Arrivés aux alentours de 9 heures, les gendarmes ont, selon Raymond Bartolini, adjoint au maire qui était présent, "demandé les documents relatifs aux marchés 2009, 2010 et 2011 passés avec Prodotec".
Prodotec est une société marseillaise de reprographie soupçonnée par le juge Duchaine d'avoir remporté frauduleusement des marchés publics grâce à l'intervention d'Alexandre Guérini.
Toujours selon cet élu, les gendarmes sont repartis les mains vides, car le dernier marché public passé par la Ville avec cette société spécialisée dans la commercialisation et l'entretien des photocopieurs remontait à 2008, pour un montant inférieur à 10.000 euros. "Je suis tout à fait tranquille, a de son côté réagi Gérard Frisoni, premier adjoint au maire. Les gendarmes peuvent venir quand ils veulent, on donnera tout ce qu'ils demandent."
Le 22 janvier 2010, le juge Duchaine, qui enquête depuis avril 2009 sur l'affaire Alexandre Guérini, avait demandé au procureur de la République d'être saisi de faits nouveaux "concernant la vente par la SA Prodotec de matériels de reprographie dans le cadre de l'obtention d'un marché public passé par la mairie de Berre ou l'Agglopole Provence (communauté d'agglomération qui coiffe la ville - ndlr)". Ces faits sont susceptibles, selon lui, d'être qualifiés de trafic d'influence, favoritisme, et corruption active et passive.
Les écoutes effectuées en 2009 ont effet permis aux gendarmes de surprendre de nombreuses conversations (plus de 53 contacts entre mai et début juillet 2009) entre Alexandre Guérini, frère du président du conseil général des Bouches-du-Rhône Jean-Noël Guérini, et Sylvain Benarouche, le PDG de Prodotec, surnommé "la Photocopieuse" par l'intéressé. Un fonctionnaire du conseil général était également de la partie.
Des conversations elliptiques ("Ne parle pas au téléphone", rappelle à plusieurs reprises Alexandre Guérini à ses interlocuteurs) et des SMS plus ou moins explicites : "Pour le photocopieur les chiffres sont bons", le 11 juin 2009, ou encore "Je gère au mieux mais dans les escadrilles de cons, la photocopieuse est pilote de la cupidité", le 29 juin 2009. Les gendarmes suspectent Alexandre Guérini et ce fonctionnaire d'avoir été rétribués par Sylvain Benarouche en raison de leurs interventions en sa faveur.
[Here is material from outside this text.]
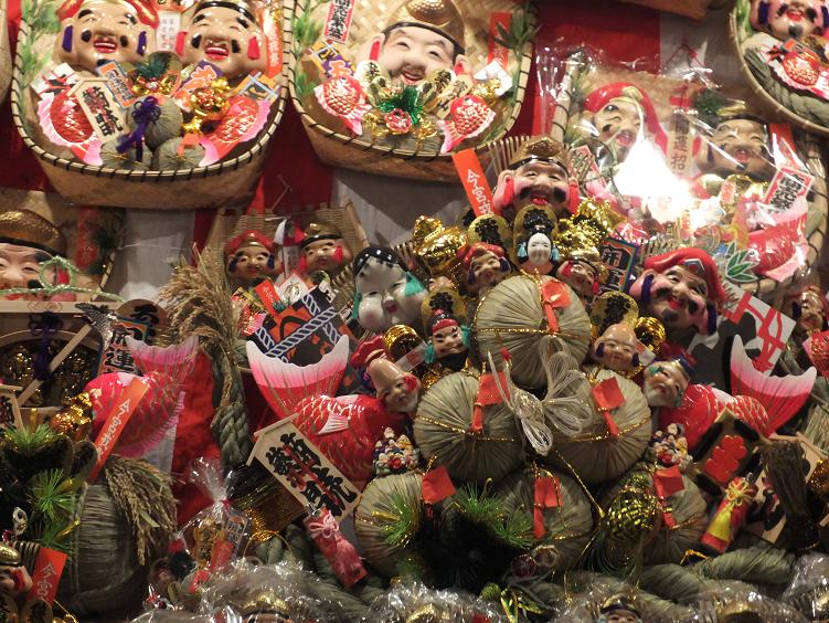 参道は一方通行。帰り道の方に身長より高い熊手を持った人がいました。すごっ!

Le 11 juin 2009, Alexandre Guérini prévient ainsi le chef d'entreprise qu'un "ami" ("que je t'avais présenté à l'époque là et vous étiez deux sur l'affaire là...", précise-t-il), lui "a dit qu'il allait te faire gagner à toi, il m'a dit qu'il allait te faire gagner". "Moi je serais toi, je lui enverrais un Sms tu vois (...) et il te parlera de tes photocopieurs", conseille-t-il à Sylvain Benarouche.
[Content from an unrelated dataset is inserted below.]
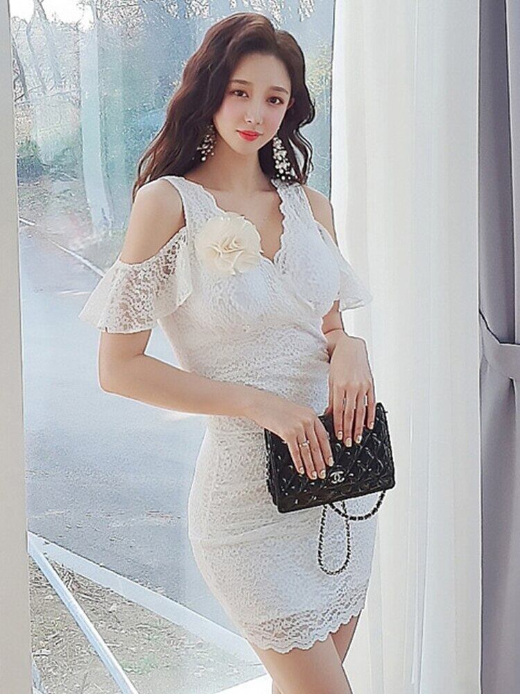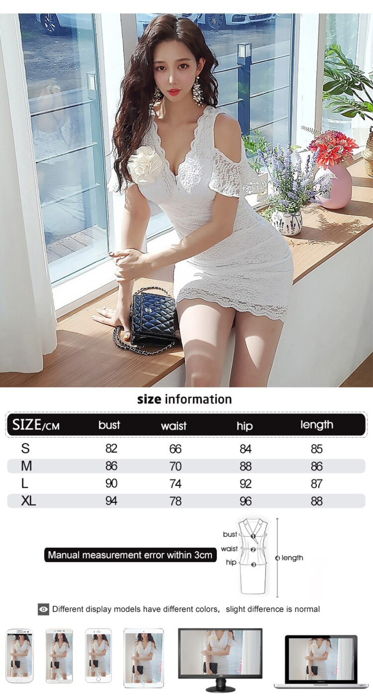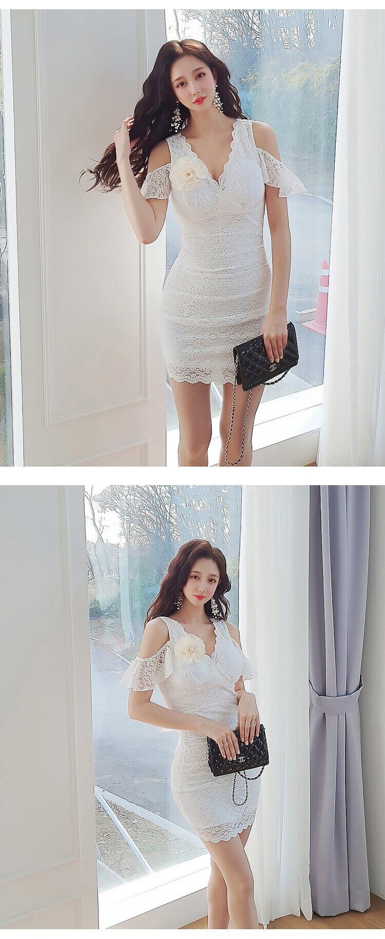 ショート ミニ レース サマー 夏物 ドレス Vネック スリム MingJieBiHuo80968507507

Le 23 juillet 2009, Alexandre Guérini informe cette fois le fonctionnaire du conseil général que le PDG de Prodotec vient "de lui en donner une partie et l'autre partie sera pour mercredi prochain".
Le 19 juin 2009, une rencontre, photographiée par les gendarmes, a même lieu sur le parking d'un hôtel Sofitel, à l'aéroport de Marignane, entre Sylvain Benarouche, Alexandre Guérini et une personne identifiée comme un élu de l'Agglopole Provence. Contacté par Mediapart, ce dernier ne se souvient plus de cet étrange rendez-vous sur un parking, mais affirme qu'à l'époque Sylvain Benarouche voulait acquérir un immeuble à Berre pour installer un supermarché Lidl et qu'il l'a peut-être rencontré "par hasard" à ce sujet. "Je n'ai pas de commentaires à faire", a déclaré quant à lui Sylvain Benarouche, joint jeudi soir au téléphone.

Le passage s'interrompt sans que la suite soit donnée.